Aquaculture as a sector simply didn’t have an investment track record when AquaSpark launched.

The space was “opaque as can be,” explained Amy. Given that 90% of aquaculture is smallholder farms, it was such a “fragmented, scattered sector” that it was nearly impossible to get meaningful financial or other farm-related data. Financing of aquaculture ventures had traditionally been either nonexistent or somewhat predatory (for small farmers, fish feed constitutes up to 80% of operating costs, and oftentimes feed producers will give bad credits lines to farmers).
It soon became very apparent to Amy and Mike that there was little coordination and connection between the sector’s stakeholders. So, they began to build bridges among NGOs, academics, investors and businesses. Because nobody had paid attention previously to aquaculture, “everyone was really open and generous and gave us everything knew about the sector.. We ended up launching with a massive network and a ton of information.”

A New Model

“We’re talking about shaping an industry,” Amy explained. “We needed a model that would allow us to connect the different pieces. We couldn’t just do one-off investments.”

So, Amy and Mike set up an investment fund, which allows the AquaSpark team to maximize synergies among their portfolio companies. Unlike traditional VCs, AquaSpark can stay invested in companies “for the long haul” – i.e. they don’t adhere to any timelines when raising additional capital nor do they have a fixed timelines for exiting their investments… they can dynamically raise, hold their stake in companies, and follow on in additional rounds.

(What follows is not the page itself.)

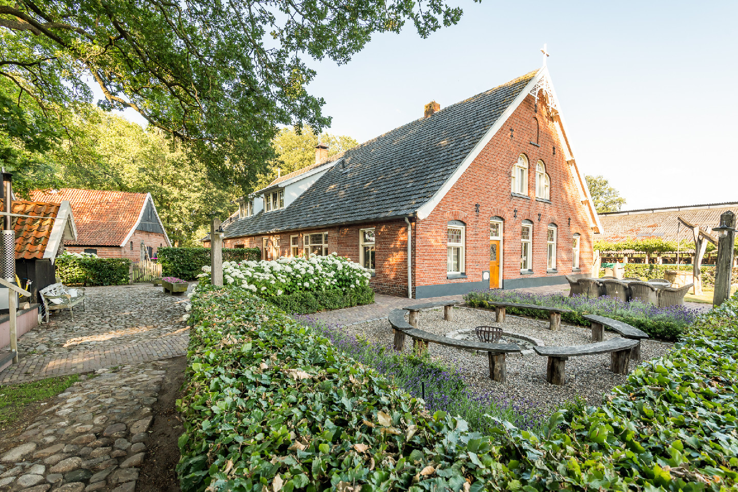 Zodra je het erf op rijdt, voel je het meteen. Rust. Ruimte. Authentiek buitenleven. De smalle entree wordt omlijst door indrukwekkende, oeroude eikenbomen en leidt je naar een karakteristieke boerderij met rijkelijk versierde gevels, ronde ramen en klassieke niendeuren met drie togen.

Farms are the bulk of AquaSpark’s investments, but you can’t have sustainable farms without, say sustainable fish feed or ways to gather data about fish farming practices. So AquaSpark invests all along the value chain and adopts a hands on approach connecting portfolio companies to each other and their network of experts.

Both Mike and Amy come from entrepreneurship backgrounds, so the whole model is set up to favor and support the entrepreneur. AquaSpark always takes a minority stake (up to 49%). They’ve now raised several rounds of between $10-25 million from investors (all of whom then earn dividends as part of their model).

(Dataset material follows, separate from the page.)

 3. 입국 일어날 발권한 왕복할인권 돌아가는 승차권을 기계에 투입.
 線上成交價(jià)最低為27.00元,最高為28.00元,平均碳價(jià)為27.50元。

“People ask how as a minority investor do you have any control? It’s because we are building this with them. It’s all about building relationships and trust,” explained Amy.

As part of this partnership approach, AquaSpark and the investee sign a “Shared Values Manifesto”, which lays out AquaSpark’s vision for a sustainable, healthy aquaculture industry as well as social values.

Sparking a Sea Change

Currently in aquaculture fish feed and farm technology are “really heating up”, but new applications for marine life are emerging virtually daily according to Amy. And increasingly other investors are taking note – in part thanks to AquaSpark’s growing track record and efforts to promote the space.

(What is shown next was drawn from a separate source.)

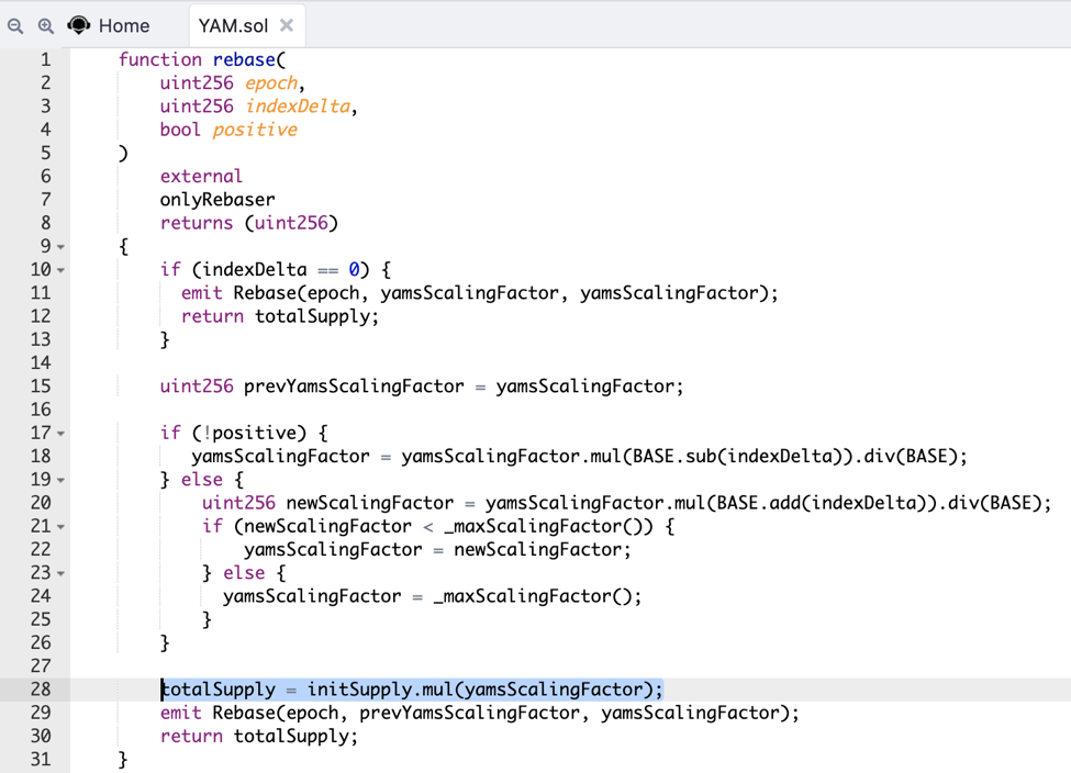 该漏洞发生在YAM项目智能合约YAM.sol的rebase功能上,如下图所示:

At this point, Amy says AquaSpark receives a few inquiries a week from investment groups looking to enter aquaculture and people have even come to study the company’s model. But others are slow to get their feet wet given that the space is still so new. In some ways, the role AquaSpark plays is that of an explorer, laying the groundwork and de-risking the investments for others.

“If you look at how solvable these challenges are… and if we get it right at a global scale… it’s kind of crazy that not everyone is jumping into aquaculture with us,” explained Amy. “The revolution is starting. It just needs scale.”